Try it
Copy out the data from the line containing "付属のベルトでウエストをきゅ" to its last line, exactly. No pictures.

[Records excerpted from a collection]

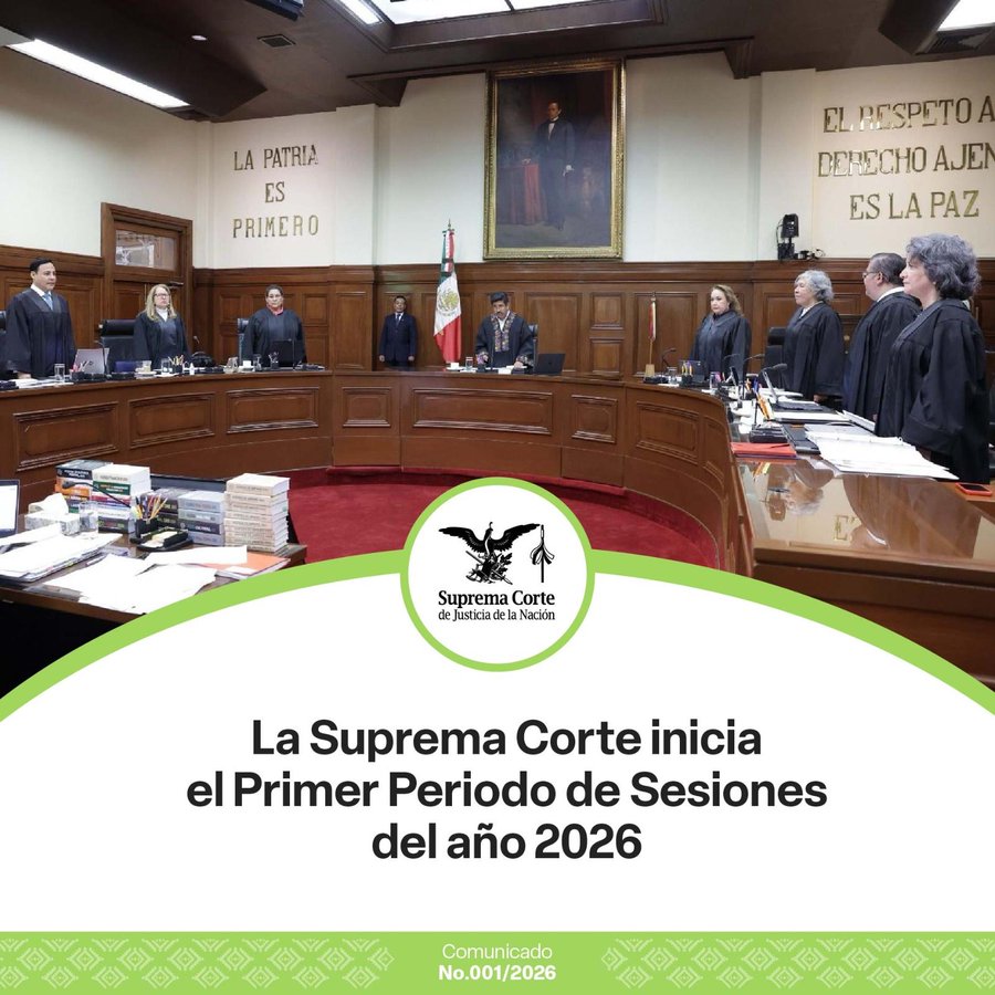 Ciudad de México 06 de enero de 2026.- La Suprema Corte de Justicia de la Nación (SCJN) inauguró el Primer Periodo de Sesiones, correspondiente al año 2026, con lo que reanudó formalmente sus actividades jurisdiccionales.
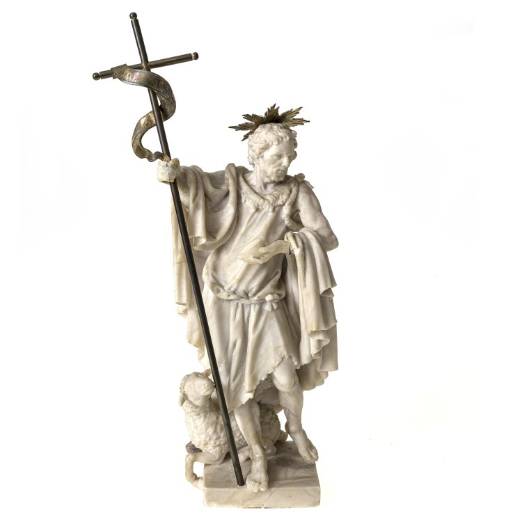 Deutsch, 18. Jh. Stehend mit Fahne, zu seinen Füßen das Lamm. Alabaster. Finger der rechten Hand und linke Hand lose, besch., rep. H. 28 cm.
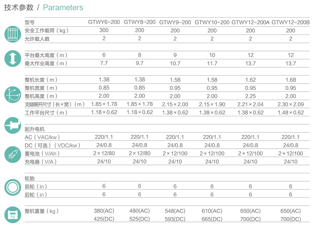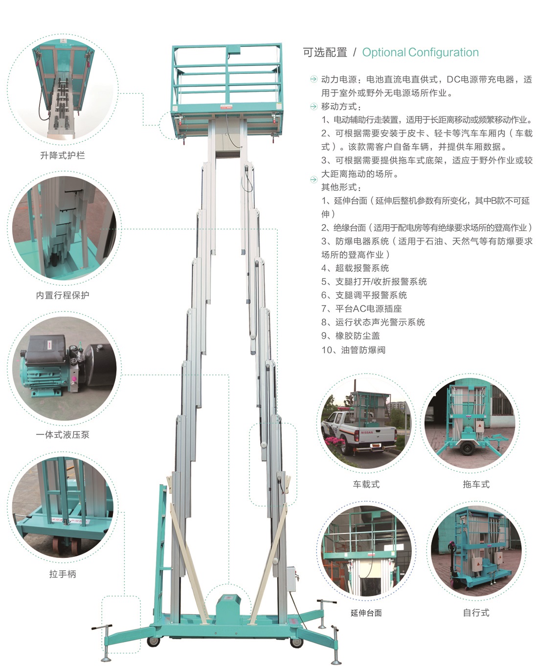 平臺最大高度規(guī)格:可選4m、 6m、8m、9m、10m
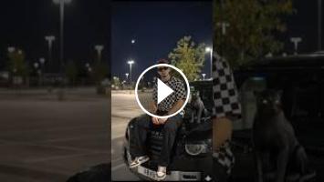 A keeping the same face and hairstyle of 20 years old man with dark,wearing a black and white chack buffer tshirt, black cargo lose jeans, brown-white sneakers,bracelet,chain,wristwatch,Sunglasses on eyes, sitting casually on the hood of a sleek black Defender car side seating black panther. One hand is on their head,the other on the car.The setting is an outdoor parking lot at night,illuminated by numerous streetlights.A crescent moon is visible in dark sky,and a small tree is behind
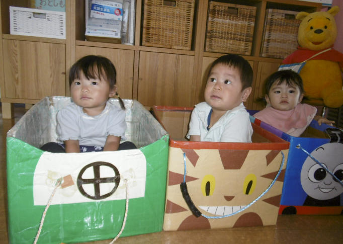 - ダンボールカーに乗り
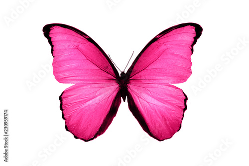 © Fotograf, Obraz premium piękny różowy motyl na białym tle
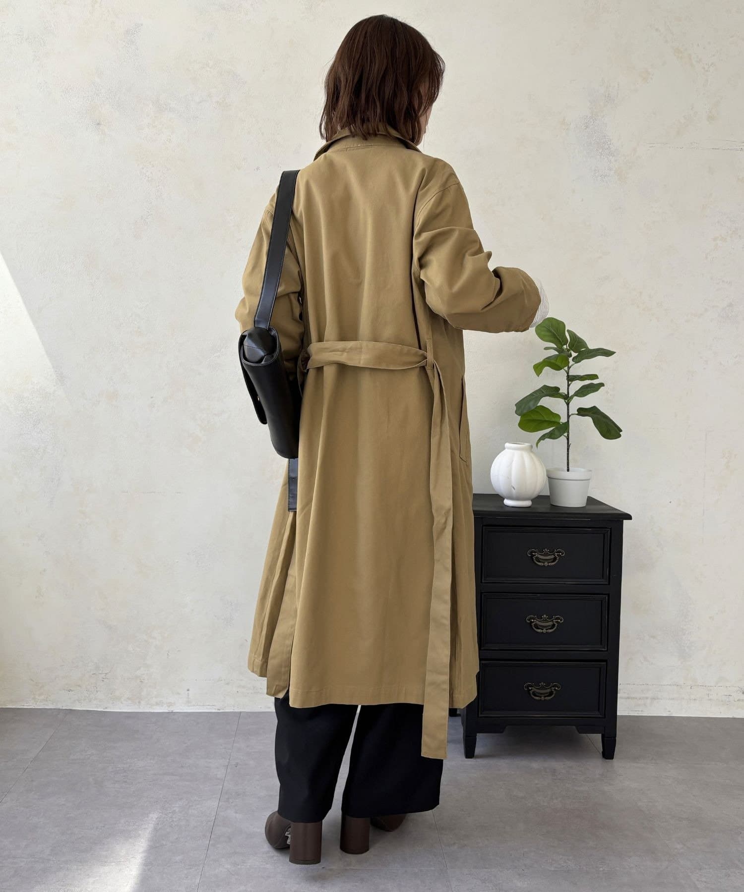 付属のベルトでウエストをきゅっとマークすれば、シルエットにメリハリが生まれスタイルアップ効果も抜群。
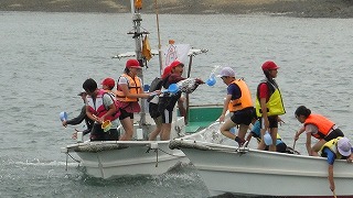 櫓こぎの練習後、福岡教育大学の学生さんを交えての水かけ大会。子どもたちも先生も、そして操船のPTA会長はじめ地島の皆さん全員がずぶぬれです。
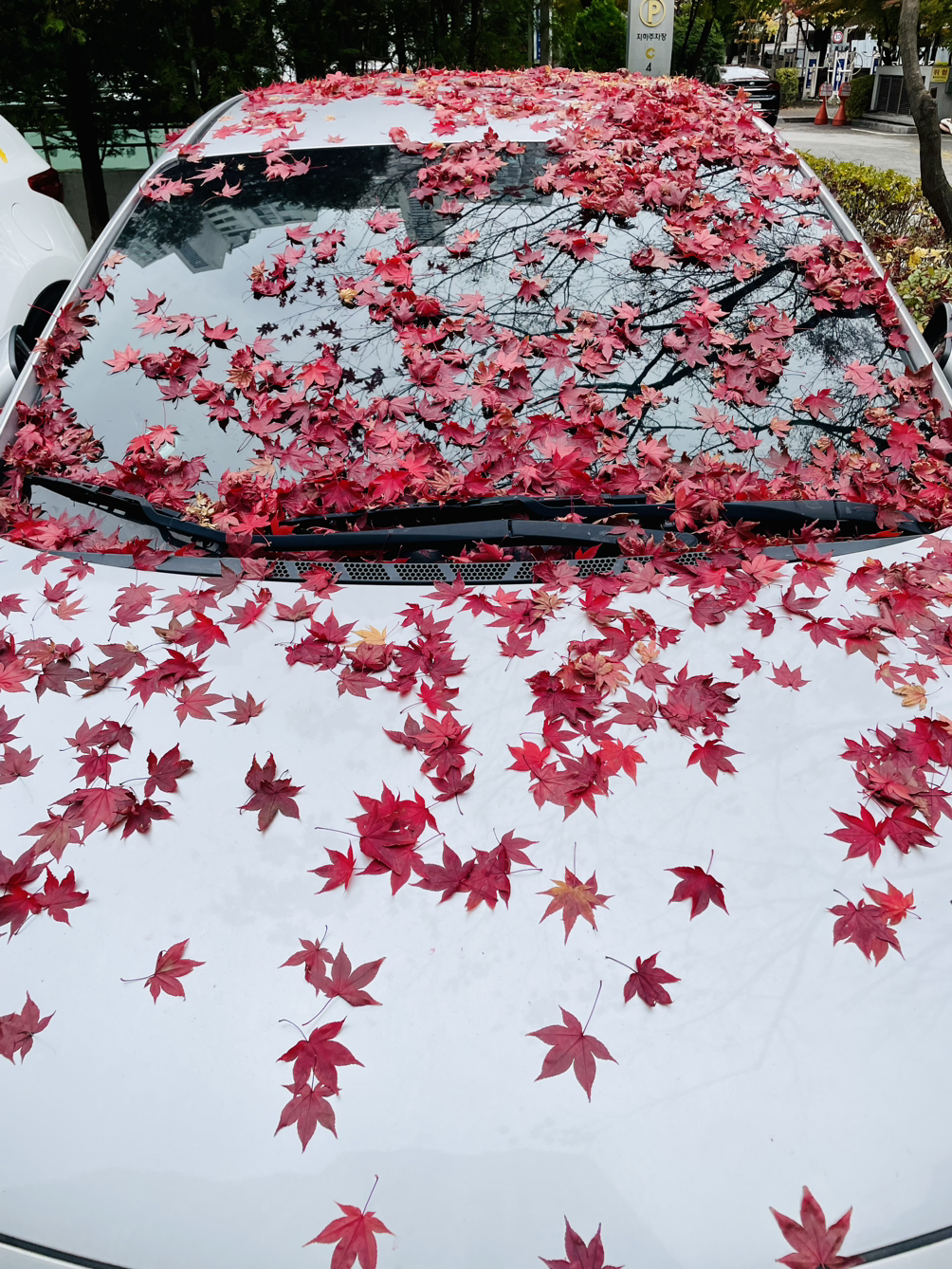 오랜만에 내린 비에 단풍잎이 우수수 떨어진 모양이다.
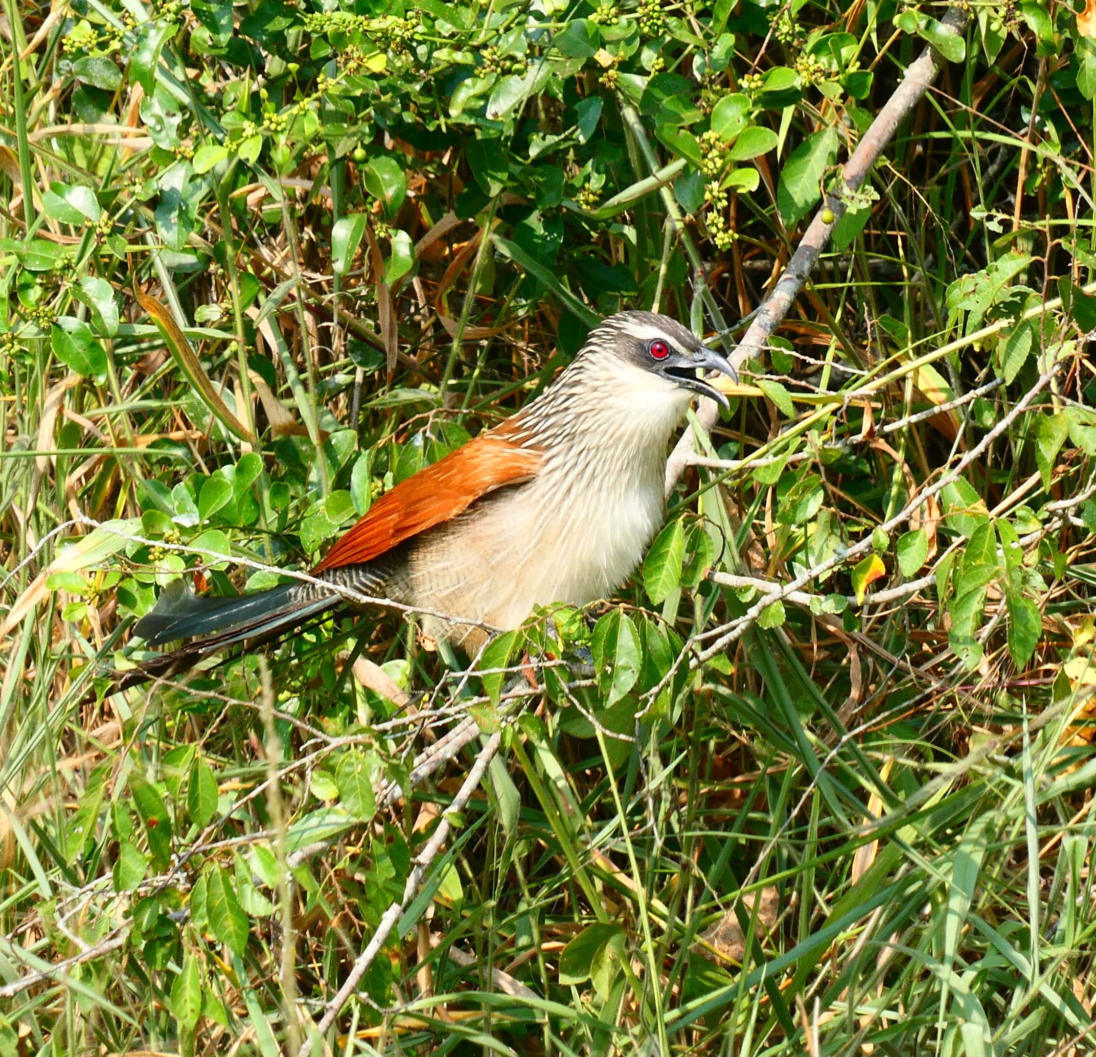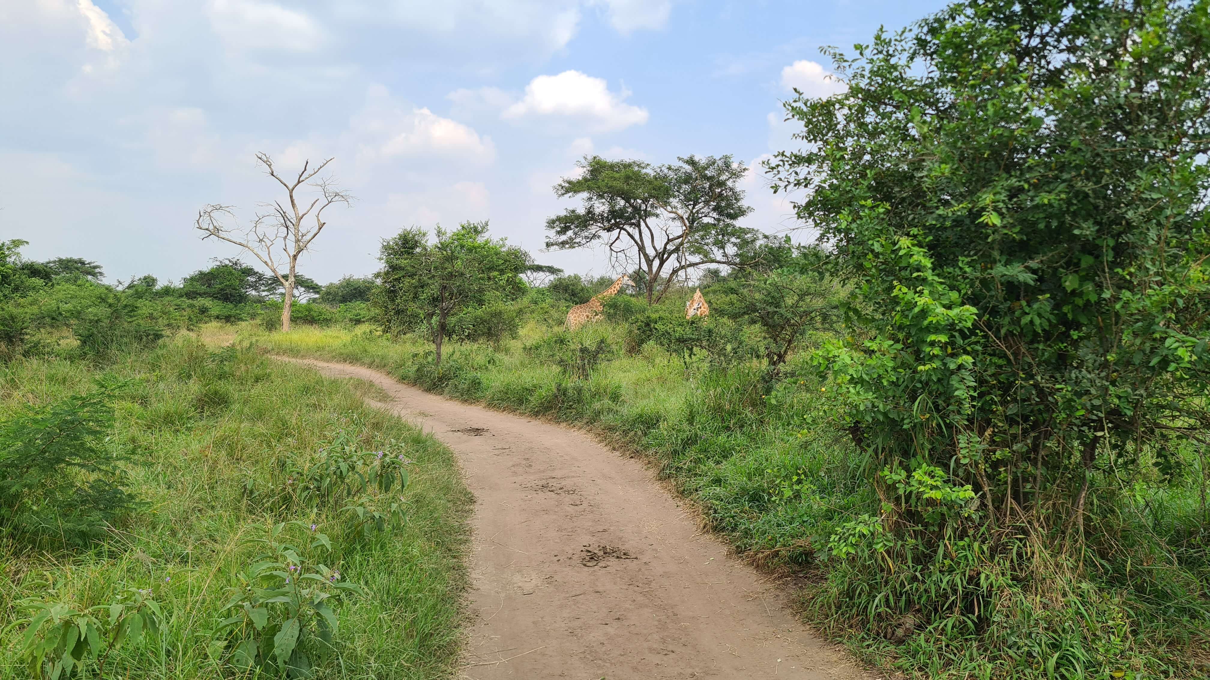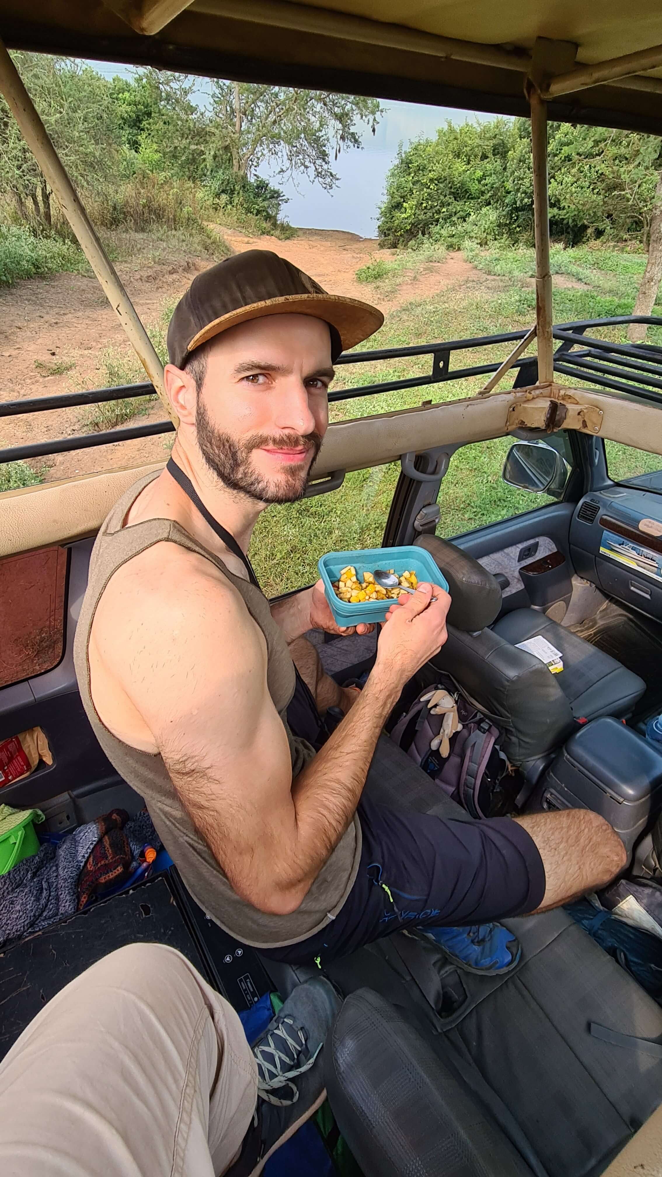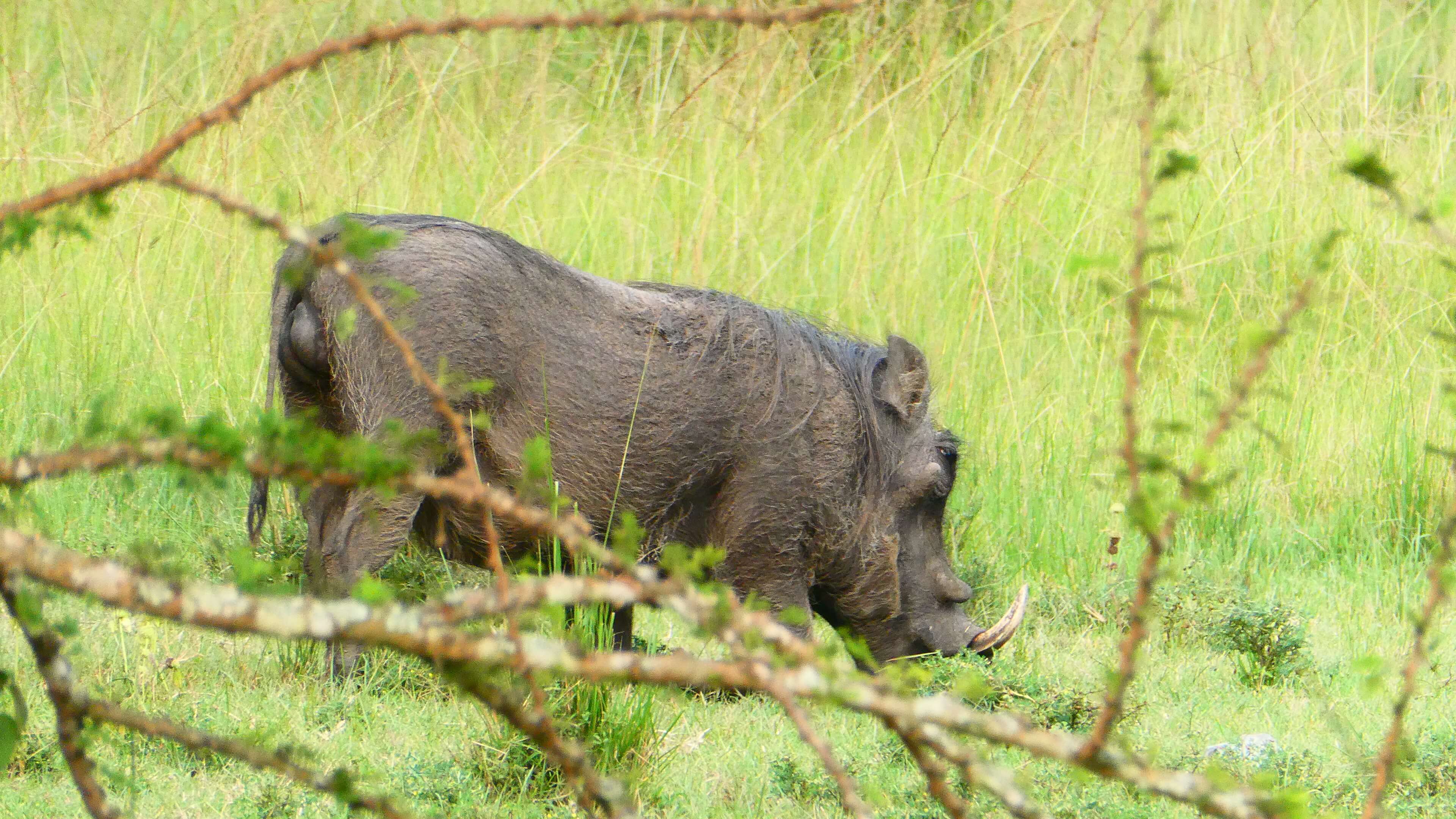 Gerne würden wir näher an den See, um die Nilpferde, die wir hören, auch zu sehen. Aber das ist fast unmöglich und in Anbetracht des Krokodils, das wir von unserem Frühstücksspot aus ins Wasser spurten sehen, vielleicht doch nicht so wünschenswert.

Answer to this task
 付属のベルトでウエストをきゅっとマークすれば、シルエットにメリハリが生まれスタイルアップ効果も抜群。
 櫓こぎの練習後、福岡教育大学の学生さんを交えての水かけ大会。子どもたちも先生も、そして操船のPTA会長はじめ地島の皆さん全員がずぶぬれです。
 오랜만에 내린 비에 단풍잎이 우수수 떨어진 모양이다.
 Gerne würden wir näher an den See, um die Nilpferde, die wir hören, auch zu sehen. Aber das ist fast unmöglich und in Anbetracht des Krokodils, das wir von unserem Frühstücksspot aus ins Wasser spurten sehen, vielleicht doch nicht so wünschenswert.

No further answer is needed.